Vanna led us to the end of the street and through a gate, and suddenly without warning we were in a beautiful, walled off garden area that had been saved from retail. Koi ponds, pagodas, bridges, statues, stone formations--all breathtaking.
After fighting our way back through the pedestrian streets of Old Town, we got back in the van and fought our way through traffic to the Central Hotel for dinner. Driving in Shanghai--that is another topic entirely, and will be saved for another time. After another interesting dinner of local Shanghai delicacies (including black fungus and tiny shrimps complete with heads, tails, feet and eyes), we saw an acrobat show.
The acrobat show was a thoroughly made-for-tourists experience, complete with fancy lights, sparkly spandex costumes, obnoxious tourist audience who talked (and took pictures--can you imagine??) the whole time, and culminated in eight people driving motorcycles around the inside of a steel cage.

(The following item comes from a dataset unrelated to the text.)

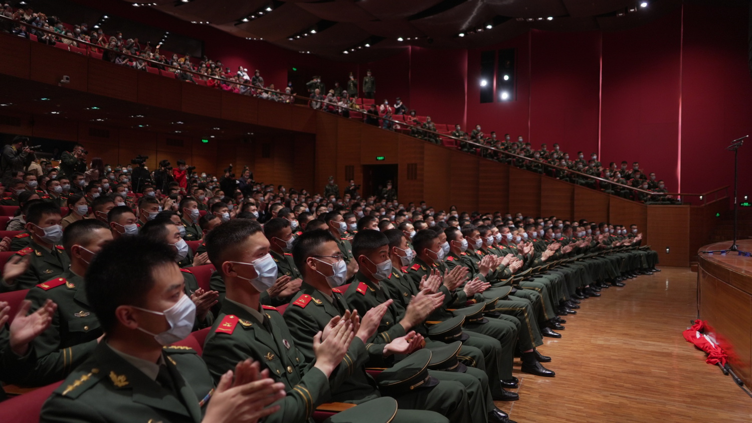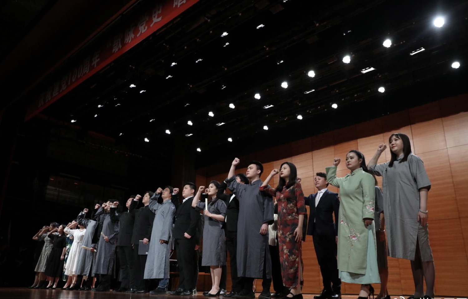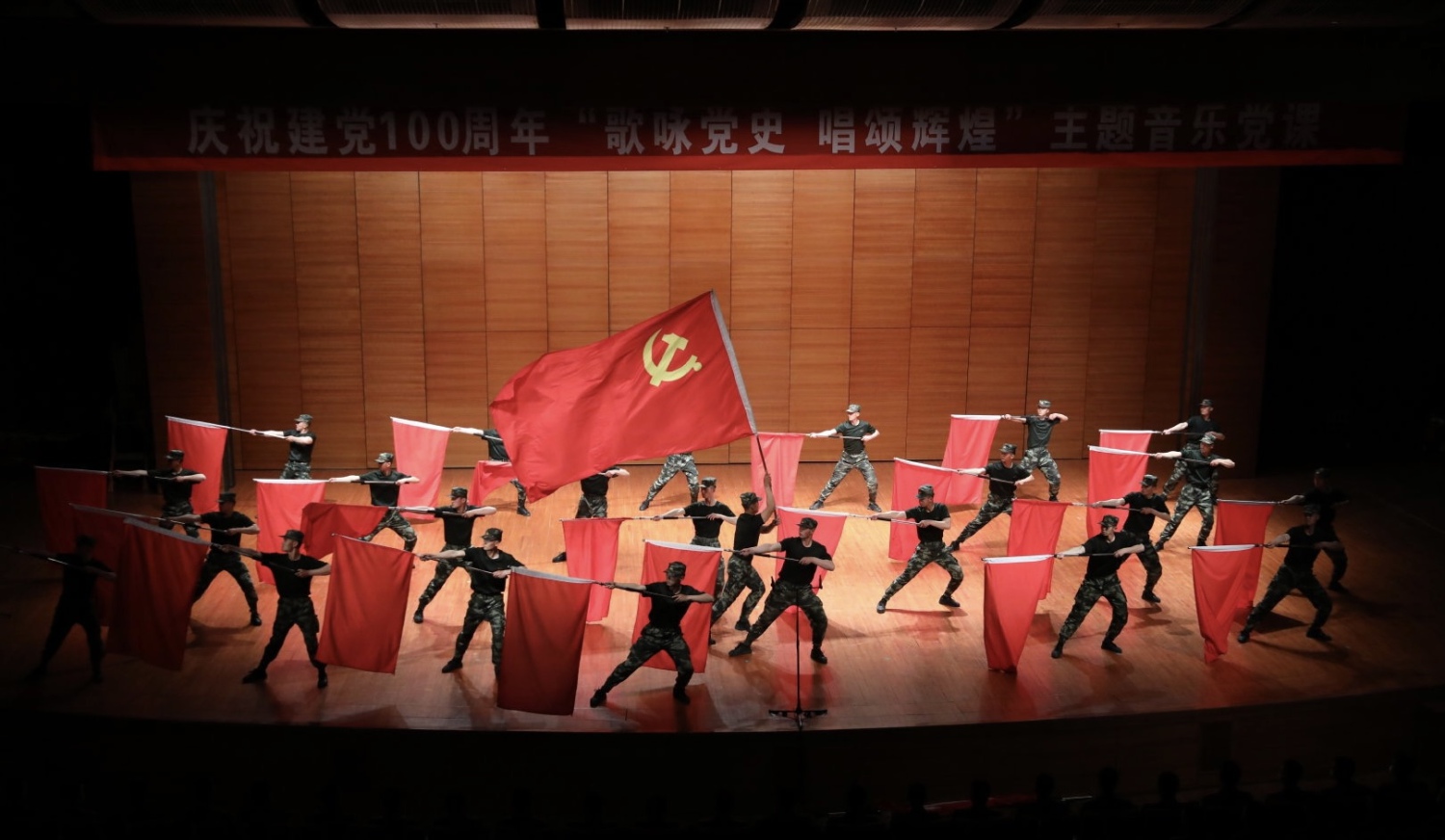 整场演出声歌系学生热情饱满,高超的专业水准和倾情的演唱瞬间将观众带到了党史的各个时期。武警支队的战士们演出了由声歌系学生精心辅导的节目,以及他们的红旗舞和快板,展现了战士们铿锵铁骨和飒爽英姿,让在场观众热泪盈眶、心潮澎湃。最后,主题音乐党课在大合唱歌曲《歌唱祖国》的高潮中落下帷幕。活动结束后,师生们到天安门国旗护卫队参观荣誉室,观看降旗仪式并与战士们合影。

Still, you have to respect the timing and athleticism.
Here is a video:
(I tried to upload it, not sure if it works...)
On the final insane Mario Cart-like drive through the streets of Shanghai, under the elevated freeways backlit with flourescent blue lighting and along the river bank with all the skyscrapers doubling as laser light shows, the streets were packed with people and traffic. The ubiquitousness of the light effects gave it a Gotham-meets-the-Jetson's feel. With its elaborate architecture and sprawl of 20 million people, Shanghai is definitely the City of the Future.